Looking forward, Gibbs said Yum! Is “laying the groundwork for another promising year in 2025 as evidenced by the expansion of drive-thru voice AI technology at Taco Bell.”
Gibbs and Christopher L. Turner, chief financial officer, both referenced the Middle East conflict numerous times on the call.
“Consumer sentiment relating to the conflict in the Middle East continued to pressure system sales growth in the quarter,” Turner said. “The recovery trajectory we observed in Q1 for the Middle East, Malaysia and Indonesia, flattened in Q2. And while hard to precisely quantify, we continue to observe conflict-related impacts in a broader set of markets.”
He expressed concern certain stores may never reopen in the wake of the conflict.

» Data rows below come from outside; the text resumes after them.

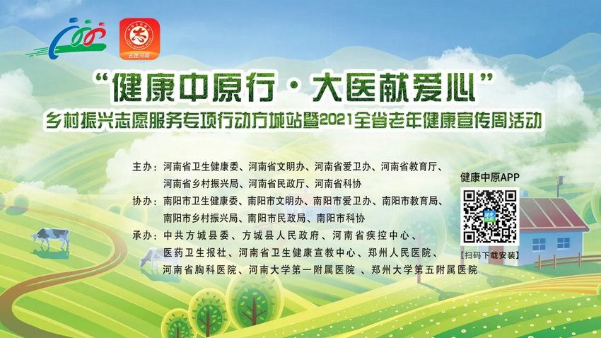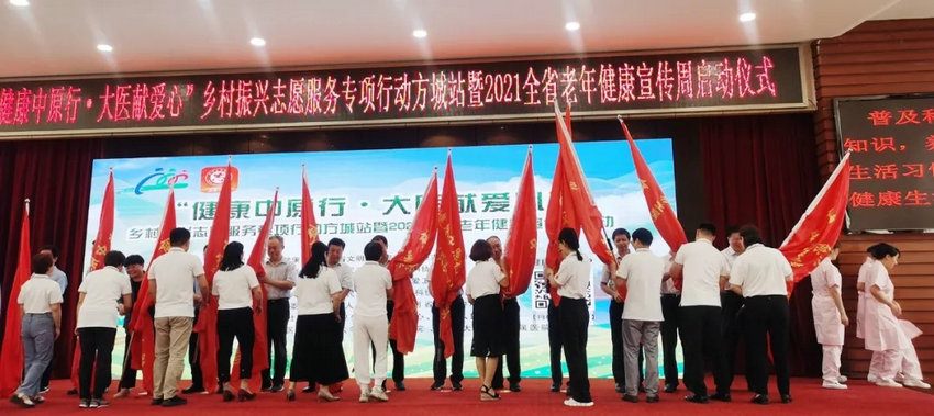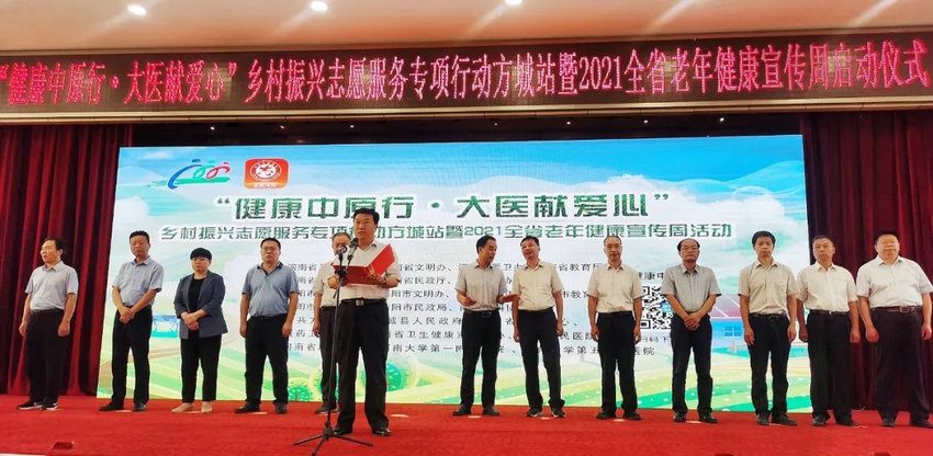 启动仪式由省卫生健康委宣传处处长杨力勇主持。在启动仪式上,省卫生健康委党组成员、副主任,省老龄办常务副主任王成增出席启动仪式并讲话。省卫生健康委老龄健康处处长王自立,省乡村振兴局行业帮扶处处长范胜利,省民政厅慈善事业促进和社会工作处副处长丁兴魁,省科协科普部副部长邓西森,南阳市卫生健康委副主任郭晓华,方城县人民政府县长李霞,郑州大学五附院党委书记王新军、副院长傅聿铭领导等参加仪式并向河南省科普专家授旗。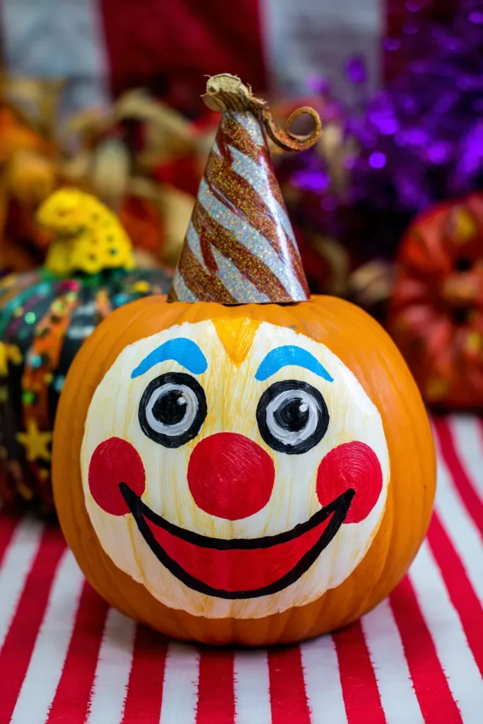 This pumpkin has been painted with a cheerful clown face, complete with big red cheeks, bright blue eyebrows, and a wide smile. A sparkly striped party hat sits on top, making it look ready to entertain at any fall carnival. The bold red and white striped table beneath it adds to the circus vibe.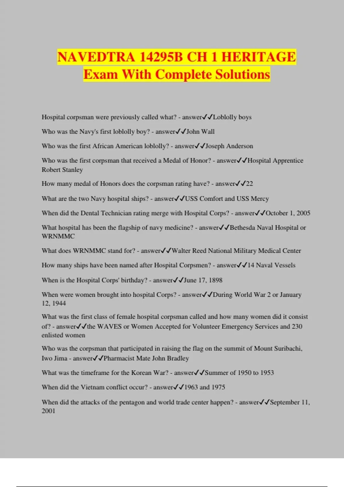 NAVEDTRA 14295B CH 1 HERITAGE Exam With Complete Solutions Hospital corpsman were previously called what? - answerLoblolly boys Who was the Navy's first loblolly boy? - answerJohn Wall Who was the first African American loblolly? - answerJoseph Anderson Who was the first corpsman that received a Medal of Honor? - answerHospital Apprentice Robert Stanley How many medal of Honors does the corpsman rating have? - answer22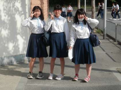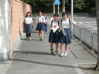 そんな日でも、向島中学校の生徒たちは元気に登校してきます。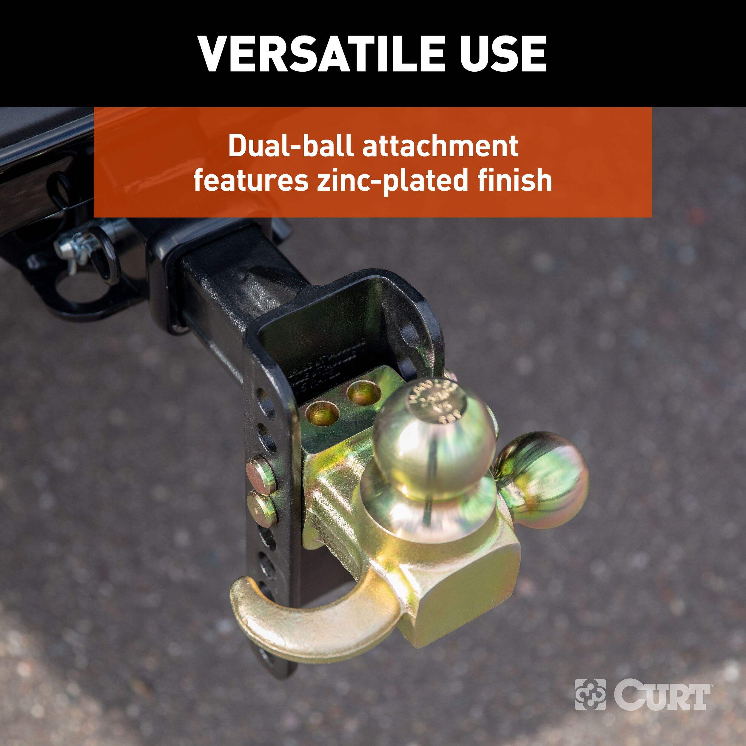 Enhance your towing experience with the versatility of the CURT 45904 Adjustable Trailer Hitch Ball Mount, Tow Hook Step. Designed to cater to different towing needs, the mount features two ball sizes and an integrated tow hook for vehicle recovery and straight-line pulls. Ideal for mounts on trailer hitches with a 2-in x 2-in receiver tube opening, this trailer hitch ball mount with adjustable shank is a great choice for towing.

“There are approximately 210 restaurants currently temporarily closed across the Middle East, Malaysia and Indonesia,” Turner said. “While there are plans in place to reopen some of those restaurants starting later this month and throughout the second half of the year, there is risk that some could close permanently pending the future trajectory of the conflict’s impact. These stores have not been producing royalties while temporarily closed, but our reported unit count would be negatively impacted if these stores were to permanently close.”
Responding to an analyst asking for more details about geographies where stores were closed because of the conflict, Gibbs declined to offer specifics.
“You can imagine the types of markets that would be further impacted,” he said. “It's not a precise science. We just know them from the stories that we’re hearing from the field, some of the data that we see trade area by trade area in markets that the impact is a little bit broader than just the Middle East and Indonesia and Malaysia, but very hard to measure.”
Year-to-date net income was $681 million, equal to $2.41 per share, down 5% from $718 million, or $2.55. Sales were $3.36 billion, up 1% from $3.33 billion.